Bernoulli and Newton
“Earth is ancient now, but all knowledge is stored up in her”*…
(Roughly) Daily is headed into a brief hiatus, as your correspondent is hitting the highways of his humid homeland. Regular service should resume on April 26. Meantime…
An illustration of the huge waterfalls cascading over the land bridge connecting Britain to Europe
Britain split from mainland Europe to become an island thanks to catastrophe — that might sound political, but in fact it’s geographic. Thousands of years before the UK opted to leave the European Union, a process called Brexit, a different separation occurred. Unlike the political one, it was relatively simple, and probably composed of just two stages.
First, a review of geography: England is separated from the rest of Europe by a body of water called the English Channel; the bit of water where England is closest to France is called the Dover Strait.
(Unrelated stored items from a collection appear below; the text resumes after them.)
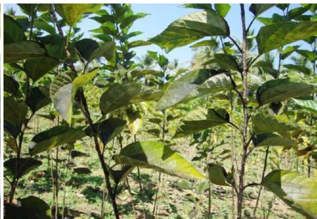
Heavily infested mulberry garden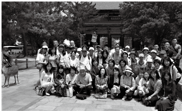
History Field Trip

The association's continuous, citizen-led international exchange activities were recognized in November of last year with an award from the Yoro municipal government, and this year in May with an all-Gifu Prefecture award for meritorious citizens. We hope we can continue to find joy in uniting Yoro with the people of the world, and continue offering learning opportunities about multicultural symbiosis, and enjoy the valuable meetings and learning opportunities through these activities for years to come.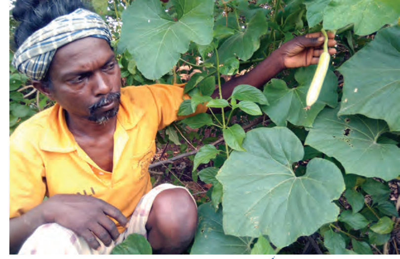
third Wave Foundation

Moving further with focus on integration of the nutrition-sensitive farming practices with the overall developmental priorities of the area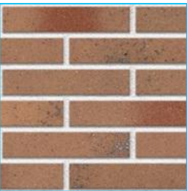
PGH - CORIUM 73315 327 x 65mm OR SIMILAR

Copyright URBAN LINK PTY LTD © Notes: 1. CONTRACTOR MUST VERIFY ALL DIMENSIONS ON SITE BEFORE COMMENCING WORK OR PREPARING SHOP DRAWINGS. 2. DO NOT SCALE DRAWINGS. 3. CONTRACTOR TO CHECK UNDERGROUND SERVICES BEFORE COMMENCING WORKS BY CONTACTING DIAL BEFORE YOU DIG. IF DIAL BEFORE YOU DIG INFORMATION IS PROVIDED WITH THIS DOCUMENTATION IT SHALL BE ASSUMED NOT TO BE CURRENT AND CONTRACTOR SHALL MAKE THEIR OWN ENQUIRES. DIAL BEFORE YOU DIG Call 13 20 20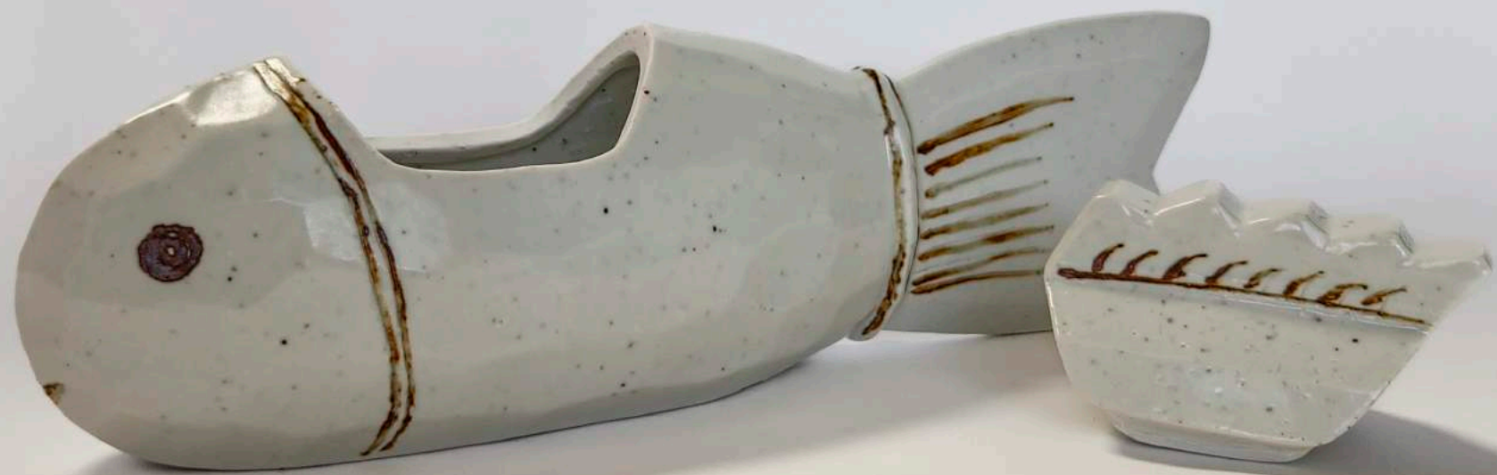
Kim Yikyung, Mini Carp (with Grains) , (2023), porcelain, glazed and hand painted, 9.5 x 28.5 x 7 cm (YKI171)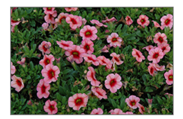
Conga Coral Kiss Calibrachoa flowers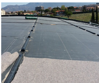
Stable shear barriers were concreted onto the roof and sealed in order to transfer the shear forces into the roof structure. The Protection Mat BSM 64 was laid on top of the root resistant waterproofing

vineyard vegetation and the numerous vines in front of the building leave no doubt as to where you are. Due to the barrel shape of the roof, the tried and tested pitched roof systems with FS 75 in the less steep areas and Georaster® in the steepest areas of the roof were used for the greening. This prevents the substrate from slipping. The considerable shear forces due to the size of the pitched roof are safely transferred into the roof structure by concrete shear barriers.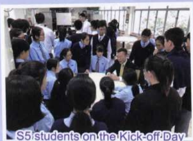
S5 students on the Kick-off Day

In collaboration with the Alumni Association, the annual Mentorship Programme for S5 students kicked off on 16 th November, 2018. More than a hundred students signed up and they were paired up with mentors of various professions, such as finance, insurance, medicine, law, engineering, film directing, fashion design, advertising and logistics. They gained knowledge of their mentors' disciplines and were equipped with practical workplace skills through company visits and job shadowing from December to June.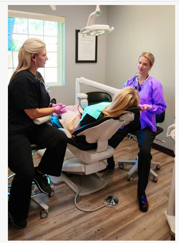
Tulsa Dental Center's team of professional staff makes you feel at home.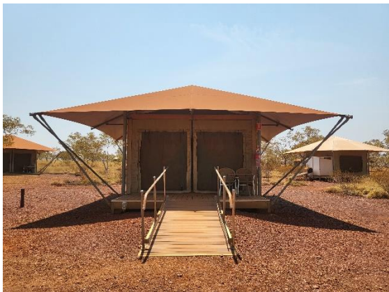
Tent 13 – Deluxe Tent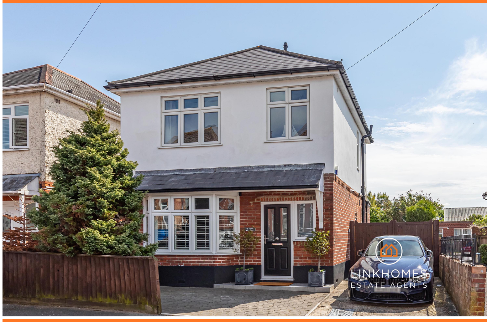
2 Hardy Road, Poole, Dorset, BH14 9HN Offers Over £500,000

** FULLY REFURBISHED THROUGHOUT ** COURTHILL CATCHMENT AREA ** Link Homes Estate Agents are delighted to market for sale this immaculately-presented three bedroom detached house in the much-desired BH14 postcode. Benefitting from an array of standout features including an open-plan shaker-style kitchen/dining room with direct access onto the private rear garden, a separate snug with stunning original features, three good-sized bedrooms with bedrooms one and two offering bespoke fitted wardrobes, a stunning three-piece family bathroom suite, a downstairs cloakroom and a block-paved driveway for two vehicles.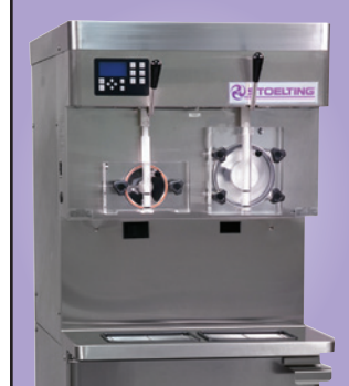
Model U444 (without mixer)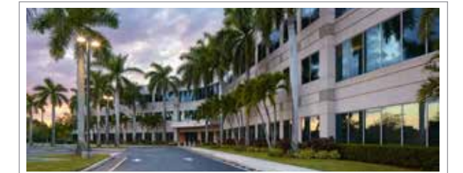
SUNRISE CORPORATE PLAZA | Sunrise, FL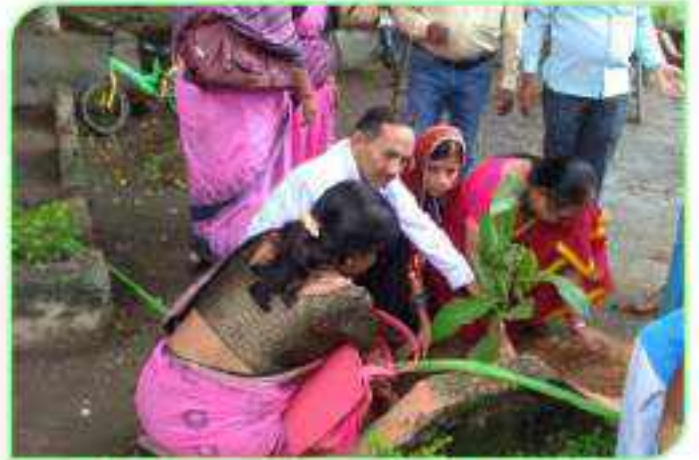
GOVT. UPPER PRIMARY SCHOOL BUROMAL APOST-JHARSUGUDA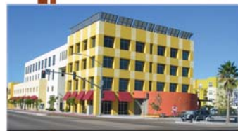
Metro Career Center & Metro Villas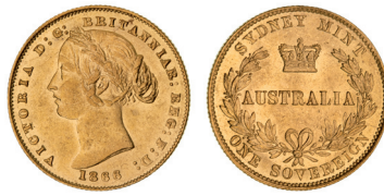
1906* Queen Victoria, second type, 1866. Nearly uncirculated.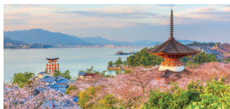
Miyajima Island, Hiroshima

Begin the day with a coach tour, visiting the historical Nijo Castle, an architectural marvel from the Edo Period. Participate in a traditional Japanese tea ceremony, delving into the country's rich cultural practices. Explore Gion, the famed district of Kyoto known for its preservation of traditional arts and performances. After returning to the hotel, the afternoon is free for personal activities. The day concludes with dinner at a local restaurant, complemented by an enchanting Maiko dance performance.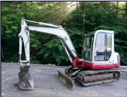
'00 TAKEUCHI TB145

2002 TAKEUCHI Model TB145 Mini Hydraulic Excavator , s/n 14511725, powered by Yanmar 4 cylinder diesel engine and hydraulic drive, equipped with 70" dipper stick, swing boom, WB manual quick disconnect, enclosed ROPS cab with heat, hydraulic plumbing, 24" digging bucket, 72" backfill blade, light package, 16" DBG pads with street pads, and 97" crawlers. In good condition with good undercarriage. (05,178 Hours) (Purchased New)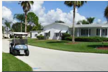
CONFIDENTIAL FLORIDA MHC

Sale Date: October 2025 Location: Florida Units: ~550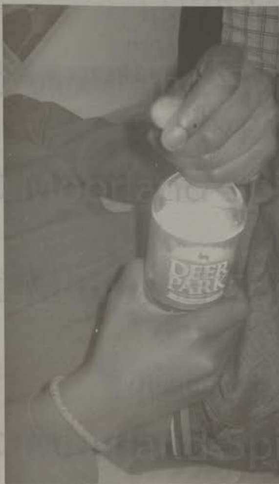
Students prefer bottled water as a safety precaution, as well as the convenience while on the go.

BY NICOLE L. PHILLIPS Contributing Writer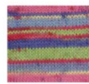
3960 spring stripe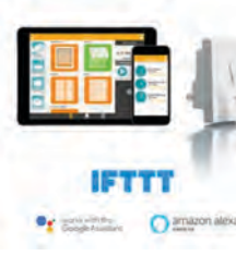
myLink RTS Smartphone & Tablet interface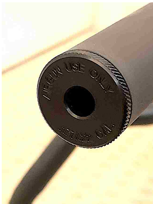
PICS of A.U.O. (MM1)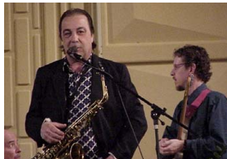
Internationally known jazz saxophonist Greg Abate performed at the Holland Theatre with the Kent Burnside Trio.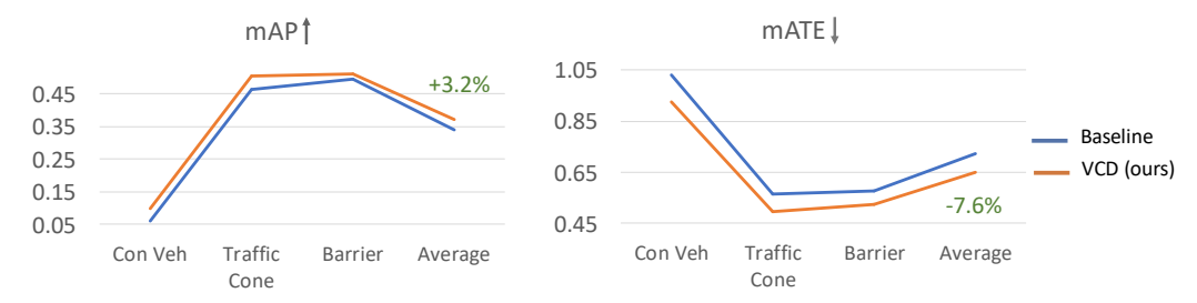
Figure 3: Effects of VCD on static objects. Our distillation framework VCD can still consistently improves static objects, demonstrating 3.2% and 7.6% improvements in precision-recall (mAP) and localization quality (mATE), respectively.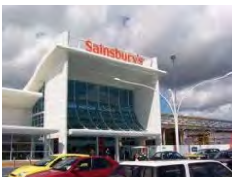
(FIG 2: Sainsbury’s Castlepoint store)

In addition, a “driver charter” was developed by Sainsbury’s to brief drivers on required practices when delivering to the store during the trial; this included an explanation of the trial, its purpose and a set of required driver actions (e.g. do not sound horn, switch off reversing alarms, switch off engines when not manoeuvring).

But the strait wasn’t always there — it was likely created by two major erosion events, according to a study published today in Nature Communications. The first one likely happened around 450,000 years ago, around the same time Neanderthals first appeared in Europe. That’s when huge amounts of water spilled over from a large lake sitting at the edge of a massive ice sheet that stretched from Britain to Scandinavia. The second one may have occurred 160,000 years ago, when catastrophic flooding opened the Dover Strait. When the ice age ended and sea levels rose, water flowed into that gap. Just like that, Britain became an island…
More at “The first Brexit actually happened thousands of years ago.”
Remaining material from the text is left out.